文献詳細
文献概要
日本列島
ヘリコプターによる救急医療システム
著者: 井口恒男1
所属機関: 1岐阜県衛生環境部地域保健課
ページ範囲:P.610 - P.610
文献購入ページに移動救急医療対策のポイントの一つは救急患者発生現場から適切な医療機関に如何に迅速に応急処置し搬送するかである.わが国では消防署の救急車による救急搬送方式が定着しており,先進諸国のように空輸による搬送システムは確立されていない.

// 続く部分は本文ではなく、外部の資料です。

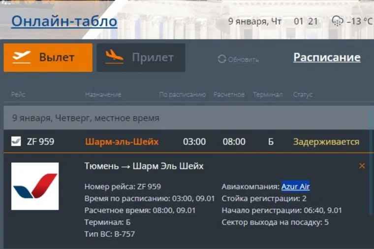 «Вылет самолета авиакомпании Azur Air по маршруту Тюмень — Шарм Эль Шейх 9 января задерживается. Врем вылета по расписанию 3:00, расчетное время — 8:00», — следует из данных онлайн-табло тюменского аэропорта.
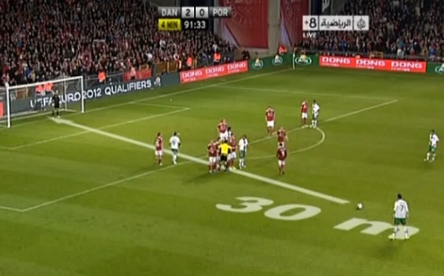 Le coup franc à la dernière minute de Cristiano Ronaldo lors du match de qualification à l'Euro 2012 face au Danemark ! Score final : 2-1 pour le Danemark. Pas encore qualifié, le Portugal a encore ...
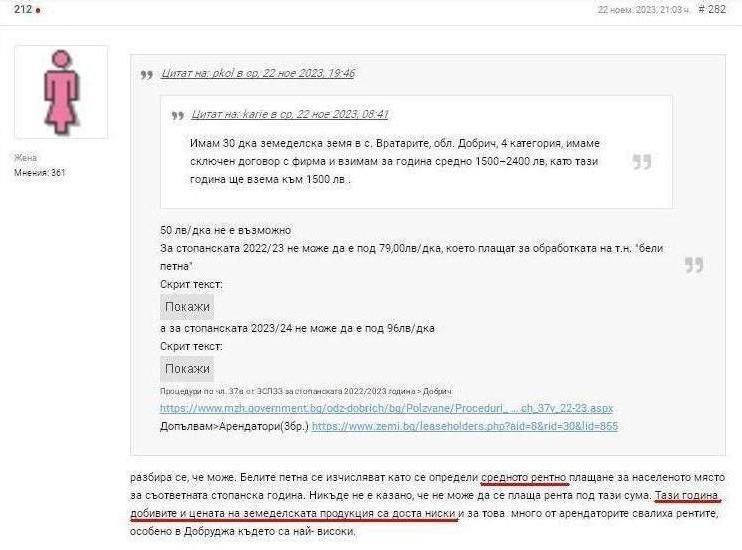Аз също съм от Добрич и сме в траур заради рентата тази година Simple Smile говорим за земи 3-та категория в района на Каварна и Балчик, над 120 дка. Миналата година беше по 100-150 лева, сега са предупредили за макс 50. Това си е чувствителна разлика, а знам, че добивите не бях чак толкова лоши.

59年度国土庁は,ヘリコプターによる救急医療システムの実験を,福島県等と取り組んでいるようであり,これに参加した製作会社が60年2月岐阜県で展示会を催し,全国から関係者が見学に来た.実験機は全長約13m,標準重量1,600kg,航続距離500km,航続時間2.8hrsの中規模のヘリコプターを装備したものであり,双発エンジンにより安全性の高いものである.機内は操縦士席,副操縦士席の他.第1担架の頭側に医師席,左側に救急隊員席,さらに第2担架も装着できるようになっている.人工蘇生器,吸引機,心電計,救急薬品,点滴一式.気管切開一式,保育器など応急措置に関する器材が,すべて医師席から手の届くところに備えられている.本機の特長は双発エンジンであるため,一方のエンジンにトラブルがあっても走行できることや,尾側を開き戸で開け担架のまま患者を収容できること,ドクターズヘリとして応急処置を施しながら飛行できることなど,従来のヘリコプターに見られないものである,本機は国内メーカーと西ドイツのメーカーが共同開発したものであり,救急器具等は外国製品が多く,最新の器具が多い.